→ Assigned task:
Leave the images out. Give every line below again, precisely.

→ Information supplied:
───

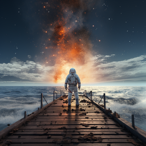 an astronaut stands on an old wooden pier looking out over the vast ocean as a meteor crashed towards earth. 3D,Leica 50mm, Kodak portrait 800, 100 vibes, photorealistic, fujifilm velvia vibes, 50, Hasselblad x1d ii quality, Unreal Engine 5, Depth of Field, 32k, Super - Resolution, Megapixel, ProPhoto RGB, VR, tall, epic, art-germ , alex ross, Half - rear Lighting, Backlight, Natural Lighting, Incandescent, Optical Fiber, bright Lighting, Cinematic Lighting, Studio Lighting, Soft Lighting, Volumetric, Contre - Jour, dark Lighting, Accent Lighting, Global Illumination, Screen Space Global Illumination, Ray Tracing Global Illumination, Red Rim light, cool color grading 45% , Optics, Scattering, Glowing, Shadows, Rough, Shimmering, Ray Tracing Reflections, Lumen Reflections, Screen Space Reflections, Diffraction Grading, Chromatic Aberration, GB Displacement, Scan Lines, Ray Traced, Ray Tracing Ambient Occlusion, Anti - Aliasing, FKAA, TXAA, RTX, SSAO, Shaders, OpenGL - Shaders, GLSL - Shaders, Post Processing, Post - Production, Cel Shading, Tone Mapping, CGI, VFX, SFX, insanely detailed and intricate, hypermaximalist, elegant, hyper realistic, super detailed
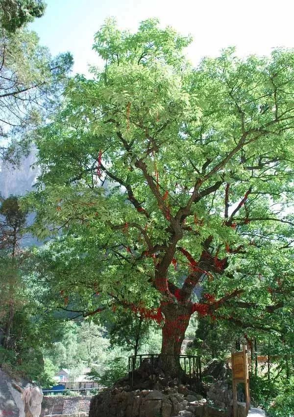 在八里溝紅石河有一棵頑強生長的樹,那便是一棵生長在一千多米的懸崖邊的古麻櫟樹。樹齡在1300年之上,樹根之處分為兩杈,兩根樹干枝葉環(huán)抱,互相偎依。好像兩個親密的愛人不離不棄,相依為命,故叫百年好合樹。來此觀光的情侶都會祈福祝禱,單身的人會掛福帶求姻緣。
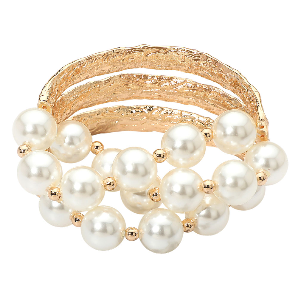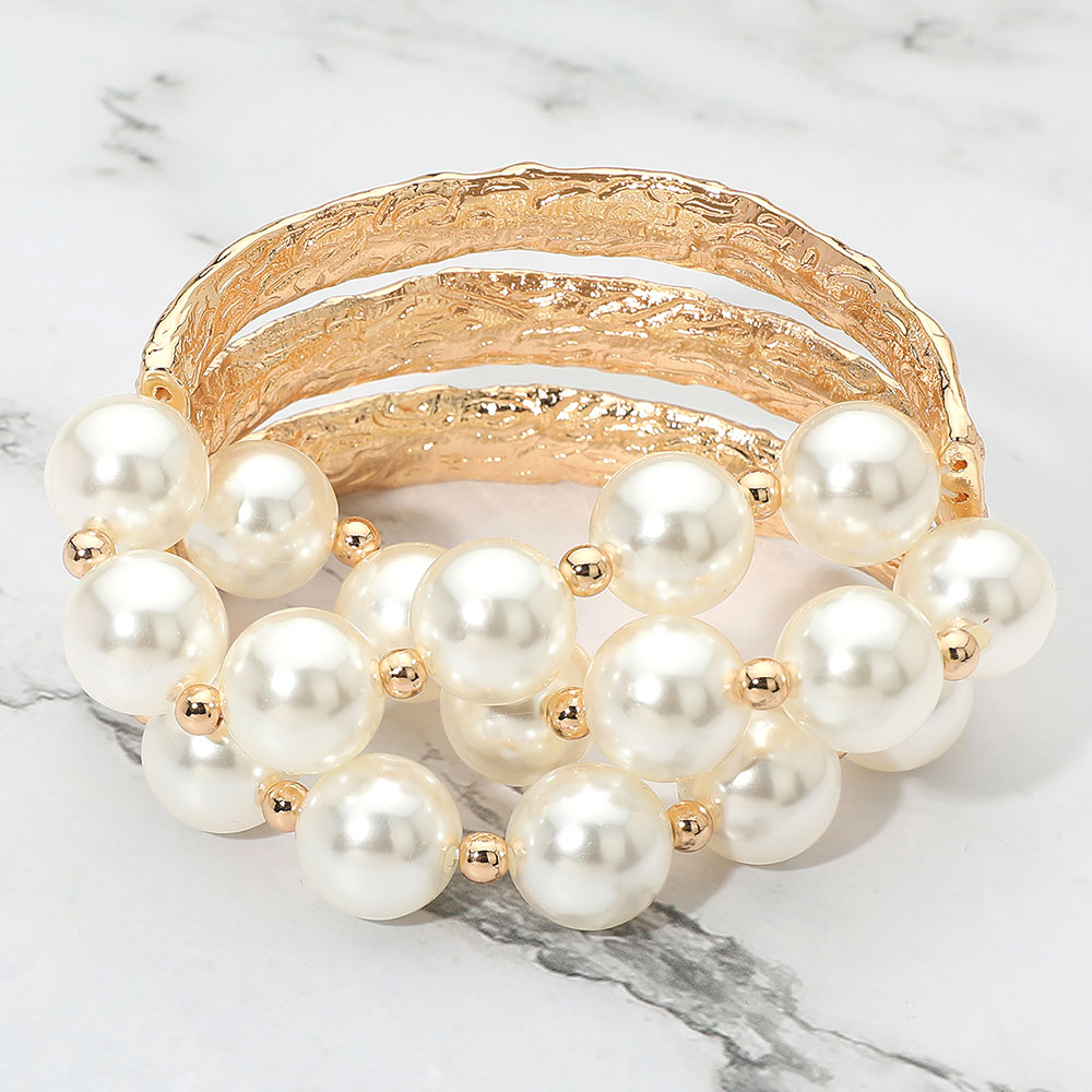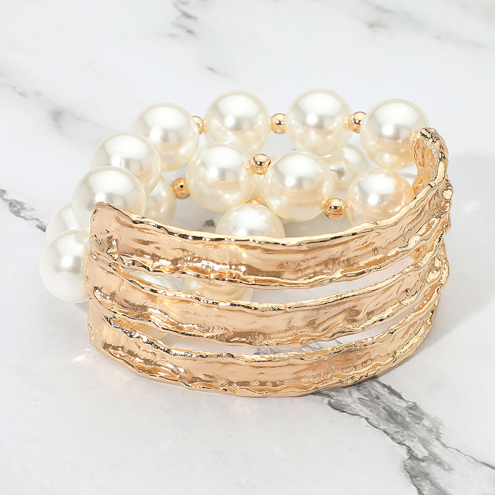 Multi Strand Pearl Bead Stretch Statement Bracelet

───

→ Answer box:
 an astronaut stands on an old wooden pier looking out over the vast ocean as a meteor crashed towards earth. 3D,Leica 50mm, Kodak portrait 800, 100 vibes, photorealistic, fujifilm velvia vibes, 50, Hasselblad x1d ii quality, Unreal Engine 5, Depth of Field, 32k, Super - Resolution, Megapixel, ProPhoto RGB, VR, tall, epic, art-germ , alex ross, Half - rear Lighting, Backlight, Natural Lighting, Incandescent, Optical Fiber, bright Lighting, Cinematic Lighting, Studio Lighting, Soft Lighting, Volumetric, Contre - Jour, dark Lighting, Accent Lighting, Global Illumination, Screen Space Global Illumination, Ray Tracing Global Illumination, Red Rim light, cool color grading 45% , Optics, Scattering, Glowing, Shadows, Rough, Shimmering, Ray Tracing Reflections, Lumen Reflections, Screen Space Reflections, Diffraction Grading, Chromatic Aberration, GB Displacement, Scan Lines, Ray Traced, Ray Tracing Ambient Occlusion, Anti - Aliasing, FKAA, TXAA, RTX, SSAO, Shaders, OpenGL - Shaders, GLSL - Shaders, Post Processing, Post - Production, Cel Shading, Tone Mapping, CGI, VFX, SFX, insanely detailed and intricate, hypermaximalist, elegant, hyper realistic, super detailed
 在八里溝紅石河有一棵頑強生長的樹,那便是一棵生長在一千多米的懸崖邊的古麻櫟樹。樹齡在1300年之上,樹根之處分為兩杈,兩根樹干枝葉環(huán)抱,互相偎依。好像兩個親密的愛人不離不棄,相依為命,故叫百年好合樹。來此觀光的情侶都會祈福祝禱,單身的人會掛福帶求姻緣。
 Multi Strand Pearl Bead Stretch Statement Bracelet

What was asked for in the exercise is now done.